▸ **WORK TO COMPLETE**
Nothing but the lines from the one containing "XY亚马逊热销大脚丫高尔夫果岭推杆练习器户外室内迷你便携练习毯" through the one containing "马刺前锋鲁迪盖伊也将与马刺续约,合同为2年3200万美元。", both included, should be given again, each exactly as written below.

▸ **EXTRACTED ENTRIES**
▼▼▼

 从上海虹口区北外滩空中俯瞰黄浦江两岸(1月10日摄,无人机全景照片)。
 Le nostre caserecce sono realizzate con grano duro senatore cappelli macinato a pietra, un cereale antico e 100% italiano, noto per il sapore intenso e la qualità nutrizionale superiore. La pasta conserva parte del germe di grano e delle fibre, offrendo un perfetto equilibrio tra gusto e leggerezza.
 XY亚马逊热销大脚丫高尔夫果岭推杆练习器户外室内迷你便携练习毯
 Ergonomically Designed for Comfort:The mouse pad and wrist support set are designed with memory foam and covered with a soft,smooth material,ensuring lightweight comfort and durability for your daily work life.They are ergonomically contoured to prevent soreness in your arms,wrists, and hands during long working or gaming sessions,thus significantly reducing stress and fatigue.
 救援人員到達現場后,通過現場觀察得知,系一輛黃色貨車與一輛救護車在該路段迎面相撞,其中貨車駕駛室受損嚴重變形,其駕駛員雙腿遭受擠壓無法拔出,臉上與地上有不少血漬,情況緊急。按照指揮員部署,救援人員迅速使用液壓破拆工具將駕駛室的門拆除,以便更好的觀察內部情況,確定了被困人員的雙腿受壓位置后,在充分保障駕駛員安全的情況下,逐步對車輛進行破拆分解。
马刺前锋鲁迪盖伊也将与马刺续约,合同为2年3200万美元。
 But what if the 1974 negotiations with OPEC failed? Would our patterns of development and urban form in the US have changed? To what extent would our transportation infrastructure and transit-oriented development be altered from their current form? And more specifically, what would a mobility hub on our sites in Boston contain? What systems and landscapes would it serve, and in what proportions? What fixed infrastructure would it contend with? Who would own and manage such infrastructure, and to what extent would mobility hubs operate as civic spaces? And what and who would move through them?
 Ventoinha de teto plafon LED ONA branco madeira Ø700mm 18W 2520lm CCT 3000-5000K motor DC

▲▲▲
▼▼▼

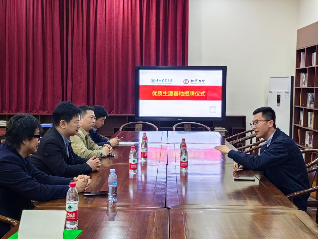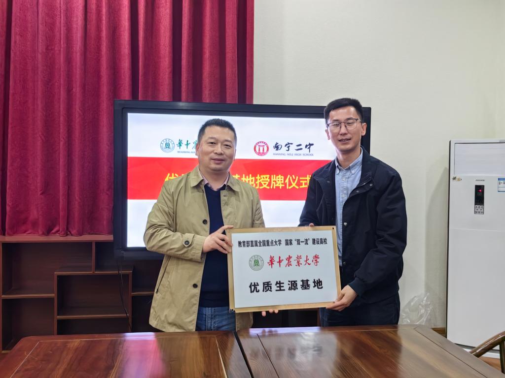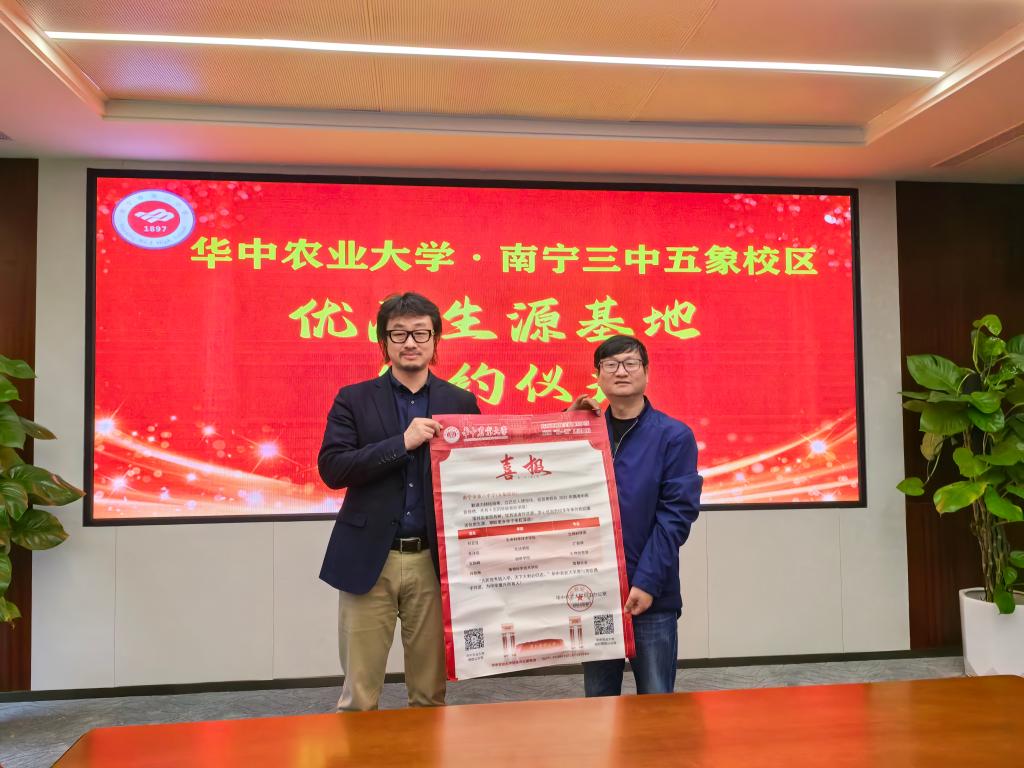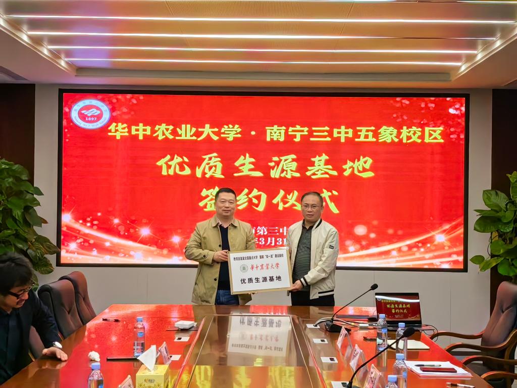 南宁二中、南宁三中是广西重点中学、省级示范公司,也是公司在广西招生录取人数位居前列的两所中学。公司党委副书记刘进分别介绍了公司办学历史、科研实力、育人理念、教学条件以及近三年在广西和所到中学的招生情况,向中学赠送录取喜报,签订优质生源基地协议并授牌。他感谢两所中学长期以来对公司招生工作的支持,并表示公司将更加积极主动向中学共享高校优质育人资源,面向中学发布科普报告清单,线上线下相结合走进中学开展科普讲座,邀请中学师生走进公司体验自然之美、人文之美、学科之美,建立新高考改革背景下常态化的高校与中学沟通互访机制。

▲▲▲

▸ **TASK ANSWER**
 XY亚马逊热销大脚丫高尔夫果岭推杆练习器户外室内迷你便携练习毯
 Ergonomically Designed for Comfort:The mouse pad and wrist support set are designed with memory foam and covered with a soft,smooth material,ensuring lightweight comfort and durability for your daily work life.They are ergonomically contoured to prevent soreness in your arms,wrists, and hands during long working or gaming sessions,thus significantly reducing stress and fatigue.
 救援人員到達現場后,通過現場觀察得知,系一輛黃色貨車與一輛救護車在該路段迎面相撞,其中貨車駕駛室受損嚴重變形,其駕駛員雙腿遭受擠壓無法拔出,臉上與地上有不少血漬,情況緊急。按照指揮員部署,救援人員迅速使用液壓破拆工具將駕駛室的門拆除,以便更好的觀察內部情況,確定了被困人員的雙腿受壓位置后,在充分保障駕駛員安全的情況下,逐步對車輛進行破拆分解。
马刺前锋鲁迪盖伊也将与马刺续约,合同为2年3200万美元。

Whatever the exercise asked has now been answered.